14 May 2008

These past few weeks I have been gorging on some fine writing. Three plays by Henrik Ibsen, for a start: two in vivid versions by Frank McGuiness (A Doll's House, The Lady From The Sea) and one very strong one by Rebecca Lenkiewicz (An Enemy Of The People). Then there was Fram of course, with Tony Harrison at his eccentric best, and round the corner, Simon Stephens's soulful Harper Regan. Martin Crimp's play The City had the quality of a nightmare and resembled, for me, the darker work of the great Paul Auster. At the Bush, I enjoyed Lucy Kirkwood's sweetly insane Tinderbox, and next evening over at Soho I loved Static, by Dan Rebellato. Today I saw the wonderful (and unexpectedly touching) big splash debut by Polly Stenham. I've already written about Jonah and Otto here. What I didn't tell you is that I attended a recent rehearsed reading of Robert Holman's Rafts And Dreams, that knocked me over. Then at last Sunday's Miniaturists there was fine work from Christina Balit, Rachel Barnett, Declan Feenan, Hilary Bell, and a debut from Paul Chadwick (our first professor). I make no apology for citing the writers alone here. Needless to say, great work was done on all the above by directors, actors, producers, designers, etc. But I'm wanting to big up the people who dreamed up and wrote down the words, the scenarios, the blueprints, the rubrics - hell why don't we call them the scripts and be done with it, for these life-enhancing, spellbinding entities and say, hey, thanks. And respect.

07 May 2008


What do Damien Hirst, legendary cricket umpire Dicky Bird, and poker superstar Dave "The Devilfish" Ulliott have in common?
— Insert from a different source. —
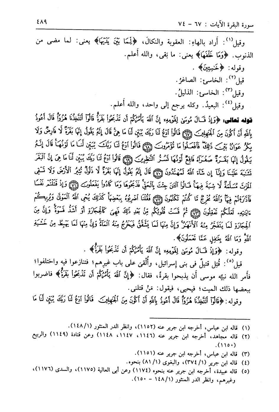قوله تعالى: (وَإِذْ قَالَ مُوسَى لِقَوْمِهِ إِنَّ اللَّهَ يَأْمُرُكُمْ أَنْ تَذْبَحُوا بَقَرَةً قَالُوا أَتَتَّخِذُنَا هُزُوًا قَالَ أَعُوذُ بِاللَّهِ أَنْ أَكُونَ مِنَ الْجَاهِلِينَ (67) قَالُوا ادْعُ لَنَا رَبَّكَ يُبَيِّنْ لَنَا مَا هِيَ قَالَ إِنَّهُ يَقُولُ إِنَّهَا بَقَرَةٌ لَا فَارِضٌ وَلَا بِكْرٌ عَوَانٌ بَيْنَ ذَلِكَ فَافْعَلُوا مَا تُؤْمَرُونَ (68) قَالُوا ادْعُ لَنَا رَبَّكَ يُبَيِّنْ لَنَا مَا لَوْنُهَا قَالَ إِنَّهُ يَقُولُ إِنَّهَا بَقَرَةٌ صَفْرَاءُ فَاقِعٌ لَوْنُهَا تَسُرُّ النَّاظِرِينَ (69) قَالُوا ادْعُ لَنَا رَبَّكَ يُبَيِّنْ لَنَا مَا هِيَ إِنَّ الْبَقَرَ تَشَابَهَ عَلَيْنَا وَإِنَّا إِنْ شَاءَ اللَّهُ لَمُهْتَدُونَ (70) قَالَ إِنَّهُ يَقُولُ إِنَّهَا بَقَرَةٌ لَا ذَلُولٌ تُثِيرُ الْأَرْضَ وَلَا تَسْقِي الْحَرْثَ مُسَلَّمَةٌ لَا شِيَةَ فِيهَا قَالُوا الْآنَ جِئْتَ بِالْحَقِّ فَذَبَحُوهَا وَمَا كَادُوا يَفْعَلُونَ (71) وَإِذْ قَتَلْتُمْ نَفْسًا فَادَّارَأْتُمْ فِيهَا وَاللَّهُ مُخْرِجٌ مَا كُنْتُمْ تَكْتُمُونَ (72) فَقُلْنَا اضْرِبُوهُ بِبَعْضِهَا كَذَلِكَ يُحْيِ اللَّهُ الْمَوْتَى وَيُرِيكُمْ آيَاتِهِ لَعَلَّكُمْ تَعْقِلُونَ (73) ثُمَّ قَسَتْ قُلُوبُكُمْ مِنْ بَعْدِ ذَلِكَ فَهِيَ كَالْحِجَارَةِ أَوْ أَشَدُّ قَسْوَةً وَإِنَّ مِنَ الْحِجَارَةِ لَمَا يَتَفَجَّرُ مِنْهُ الْأَنْهَارُ وَإِنَّ مِنْهَا لَمَا يَشَّقَّقُ فَيَخْرُجُ مِنْهُ الْمَاءُ وَإِنَّ مِنْهَا لَمَا يَهْبِطُ مِنْ خَشْيَةِ اللَّهِ وَمَا اللَّهُ بِغَافِلٍ عَمَّا تَعْمَلُونَ (74).

Answer: they "love their snooker". During the final session of this year's World Championships, the camera picked out the above luminaries, and in those beyond-parody (though Mitchell and Webb have made a very good fist, witness the fact that a spectator was wearing a t-shirt bearing the legend 'Ooh and that's a bad miss') cliche-ridden hushed tones, the commentators informed us, proud as Punch, that the famous umpire/artist/poker player "loves his snooker". Moments later a streaker, er, streaked on to the stage, divesting himself of black tie and dinner dress before dancing around the table bollock naked; I can't begin to do justice to Dennis Taylor's panicked demeanour, resolving to stoicism, as the director cut to him in the commentary box to spare us the delicate pink in the middle.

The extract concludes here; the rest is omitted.